Maybe we should focus on critical thinking and maths skills for boys (girls as well, but it's boys who need it to stop them from lapping this nonsense up) because this assertion doesn't make sense if you know that women are half of the global population because.the numbers literally don't add up. Yes, some jurisdictions permit polygamy, but those jurisdictions aren't noted for letting women choose their husbands.

hookeywole · 28/03/2025 19:06

Instant access to extreme porn

I think there is a lot of conflicting messages around social media which is confusing for boys and girls. On the one hand it's empowering to post revealing pictures etc but society does judge that even if we are not meant to.

Fagli · 28/03/2025 19:07

People don’t like change when it doesn’t benefit them. Men got all the jobs, held all the power, often without the knowledge or experience to back it up. The power was taken for granted, and times have thankfully changed. Despite the narrative of those in power (mostly white, middle-late aged, male) of ‘hard work gets results’, this often wasn’t the case for those who did and didn’t fit that image. Now those who don’t fit that model are getting the jobs and power, just being a man isn’t enough anymore and this is hard to deal with for some.

UtterlyOtterly · 28/03/2025 19:09

When I was a teenager I regularly went to two different youth clubs. Lots of activities, both on site and further afield. Good role models for leaders, always an adult willing to listen to anyone who needed it, zero tolerance for bad behaviour so everyone toed the line.

There are no youth clubs in my town, just a couple of uniformed groups which most teenagers find very uncool.

I wonder if the lack of youth clubs is a factor?

zoemum2006 · 28/03/2025 19:11

Just this week I've been reading the 'Anxious Generation' about the dangers of social media.

One chapter is about boys and how their lives moved from the real world into the virtual world and how they have disengaged from it.

It details the effects of:

deindustrialisation (which made traditional masculine strengths become less important)

'safetyism' (keeping kids off the streets, not letting them play out or roam free, being over protective around safety)

the rise of video games/ pornography and social media which allowed boys to have facsimiles of what they desired without getting what they truly wanted. Leading to alienation and frustration.

selffellatingouroborosofhate · 28/03/2025 19:12

hookeywole · 28/03/2025 19:04

There's rarely such a thing as a "single mum", only widows with children and mothers raising the children of unsuitable or absent fathers

As I was replying to a post discussing the lack of good male role models in some dcs lives I thought it was obvious I was not talking about mums who chose to parent alone....

All the mums I know who left shit partners call themselves single mums, what should they identify as?

The term "single mum" is used in the press to demonise mothers who are doing their best in adverse circumstances. When discussing the failures of absent fathers, I think that our language should emphasise that the problem is absent fathers.
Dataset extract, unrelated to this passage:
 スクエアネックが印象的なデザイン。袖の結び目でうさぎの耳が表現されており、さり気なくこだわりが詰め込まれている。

Talking about the increase in single mums is highlighting the wrong set of parents.

hookeywole · 28/03/2025 19:12

Now those who don’t fit that model are getting the jobs and power, just being a man isn’t enough anymore and this is hard to deal with for some.
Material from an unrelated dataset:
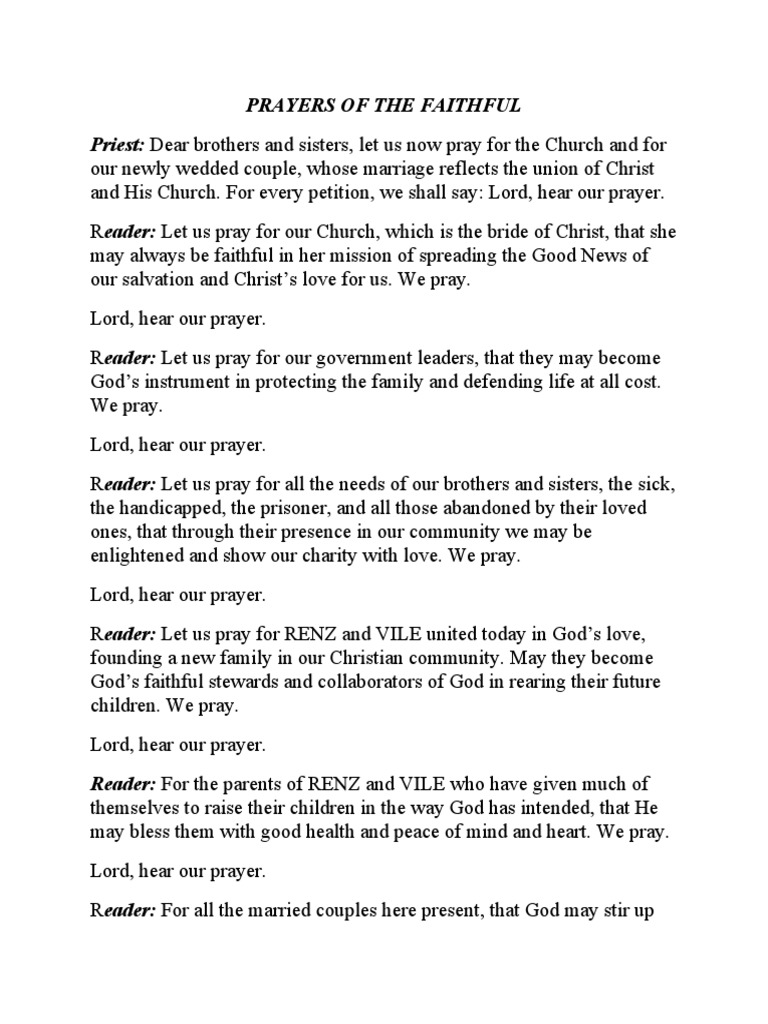 Learn about the origin, meaning and examples of prayers of the faithful, also known as universal. Find two examples of prayers of the faithful for weddings, with different themes and intentions. Learn how to write prayers that are reverent, relevant, and readable for the parish. Find a collection of prayers for the faithful to offer at the funeral mass of.

But is there a conversation to be had around what a man should be these days? Because on one hand being a man isn't enough & women can do whatever a man does (rightfully so) but I think society still puts pressure on men to be breadwinners, not cry etc.

Augustus40 · 28/03/2025 19:12

Too many in the younger age group 16 to 24 are NEETS. Not in employment education or training. Gives them too much time to form twisted views online.

Perhaps the government could insist they do a certain number of hours of weekly volunteer work rather than just nothing. Might help them branch out gsin new skills etc.

Not enough jobs, getting pointless degrees and less socialising and not a very bright future for so many.

WednesdaysChild25 · 28/03/2025 19:13

the internet/social media is a lot to blame.